Une nouvelle étude des chercheurs du laboratoire Magmas et Volcans (LMV - UCA/CNRS/IRD) associés à des équipes du Laboratoire Chrono-Environnement (Besançon), de l'UMET (Lille), de l'ISTO (Orléans) et du synchrotron européen ESRF, suggère la présence de carbonates fondus disséminés dans le manteau océanique, au niveau de la limite entre la lithosphère et l’asthénosphère.

Une couche carbonatée sous les océans

Les chercheurs ont réussi à reproduire expérimentalement les deux étapes d'introduction du carbone. La lithosphère porte, dans sa partie superficielle, des carbonates (sédiments ou altération des fonds océaniques). Lorsqu'elle vieillit, sa densité augmente et elle plonge dans le manteau (phénomène de subduction). Les carbonates sont réchauffés, ce qui conduit à leur décomposition, libérant du CO2 en profondeur. C'est la première étape d'introduction du carbone.

Lors de la deuxième étape, le CO2 est entraîné à de plus grandes profondeurs jusqu'à atteindre des pressions où la fusion intervient. Les carbonates fondus qui en résultent présentent une forte capacité d'infiltration et une grande mobilité qui permettent leur dissémination rapide sur de grandes distances. La zone imprégnée est limitée, d'une part, vers le haut par les réactions de décarbonatation (le CO2 est piégé dans la lithosphère et stabilisé) et, d'autre part, vers le bas par les réactions de réduction du carbone en graphite et diamant (voir figure ci-dessous).

Synthèse du modèle de migration des carbonates fondus. La zone de circulation du liquide est indiquée en vert clair. Au-dessus (couleur saumon), le carbone est stable sous forme CO2. En-dessous (vert foncé) le carbone est réduit en graphite / diamant. © T. Hammouda, Laboratoire Magmas et Volcans (LMV)
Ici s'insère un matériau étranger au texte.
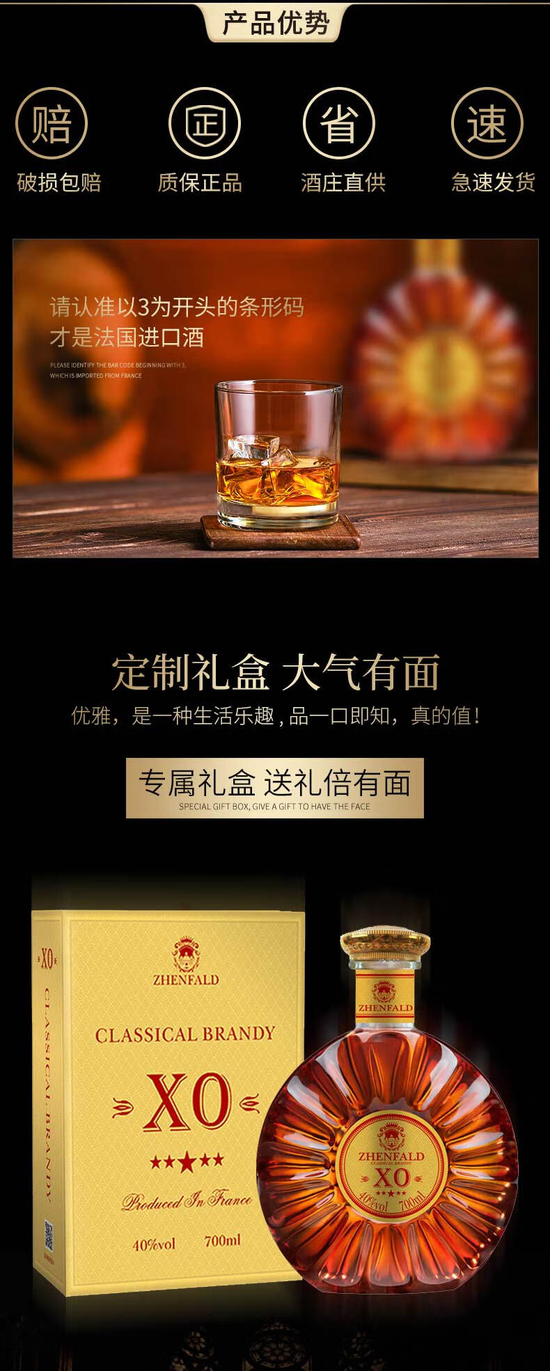 禛富40°法国进口XO白兰地XO 700mL 700mL 1瓶 礼盒 700mL 1瓶 精装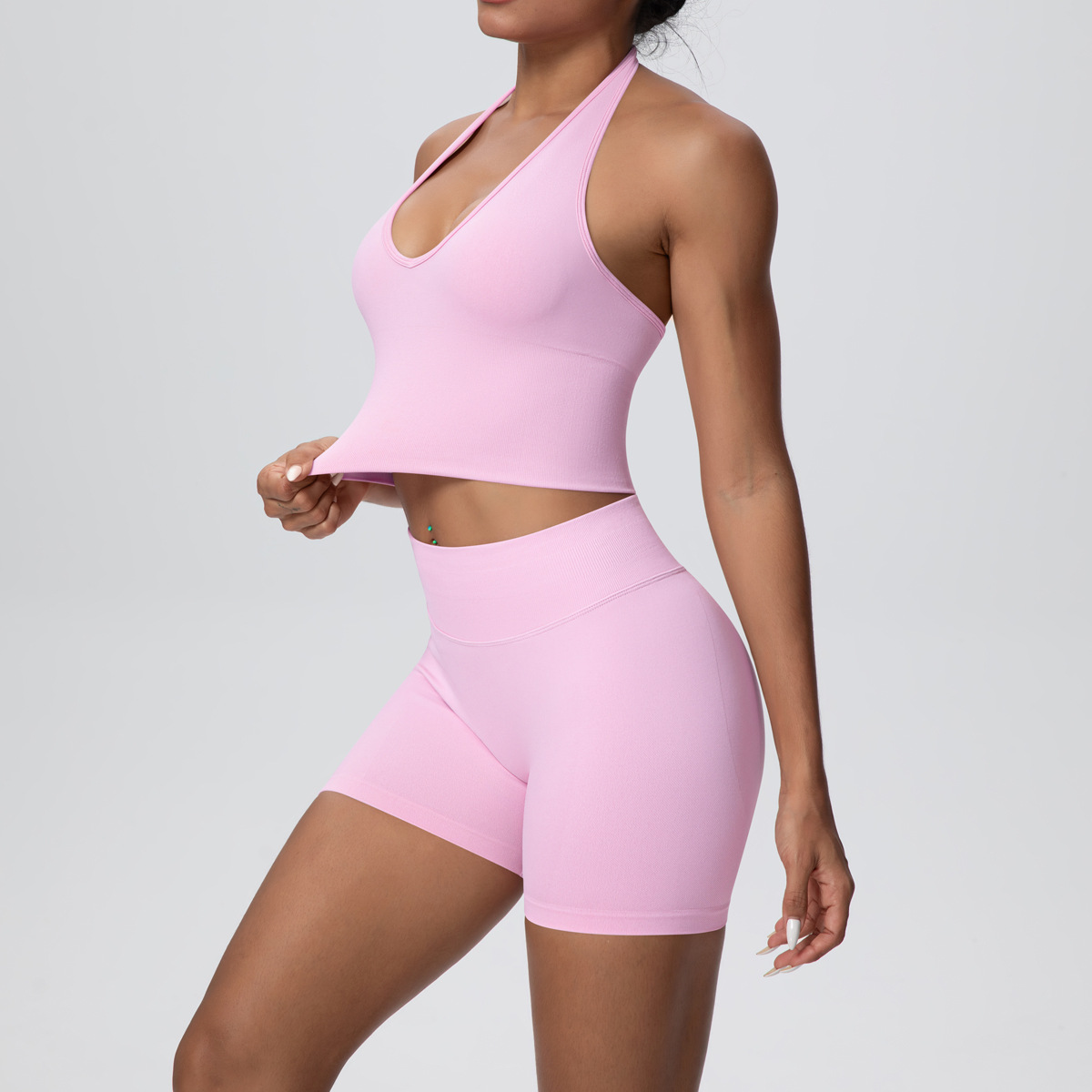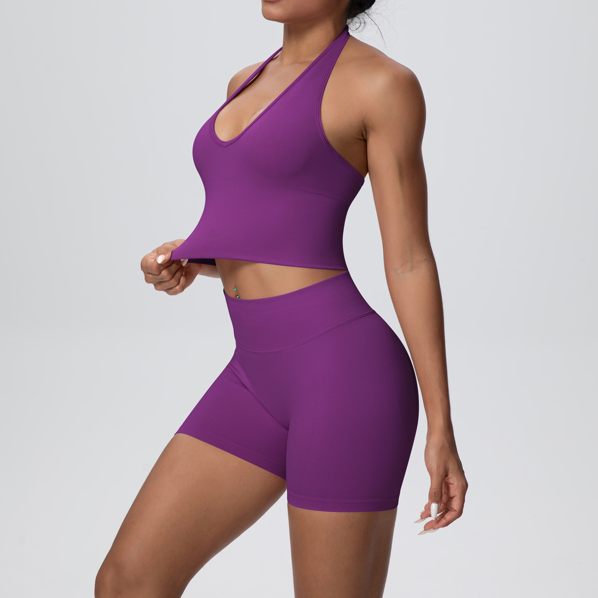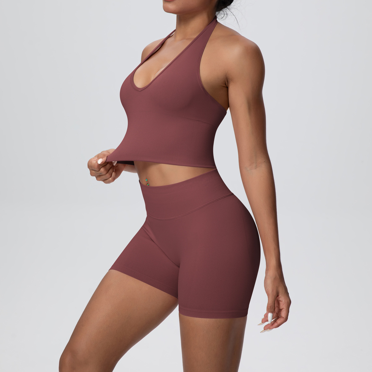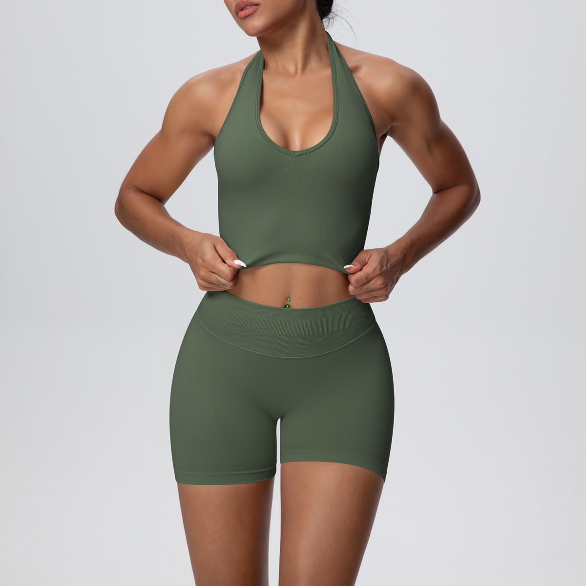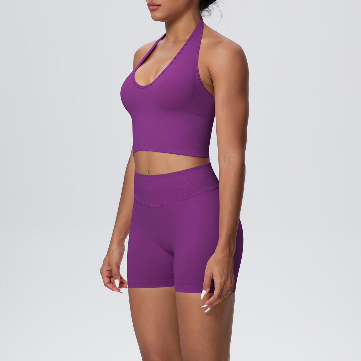 Soutien-gorge de yoga respirant dos nu, débardeur, short taille haute gainant sans coutures, tenue de sport et de yoga

La composition de certaines laves produites en contexte océanique (rides avortées fossiles, petits spots, métasomatisme de points chauds), qui présente des carbonates fondus ou des traces d'un processus les impliquant, corrobore la proposition d'existence d'un niveau enrichi en carbone à l'échelle globale sous les océans. Étant donné la datation des premiers sédiments carbonatés et des débuts de la tectonique des plaques dite « moderne », aux alentours de 3 milliards d'années, les chercheurs font l'hypothèse que l'existence d'une telle couche carbonatée pourrait avoir été à l'origine de la stabilisation de cette tectonique des plaques moderne.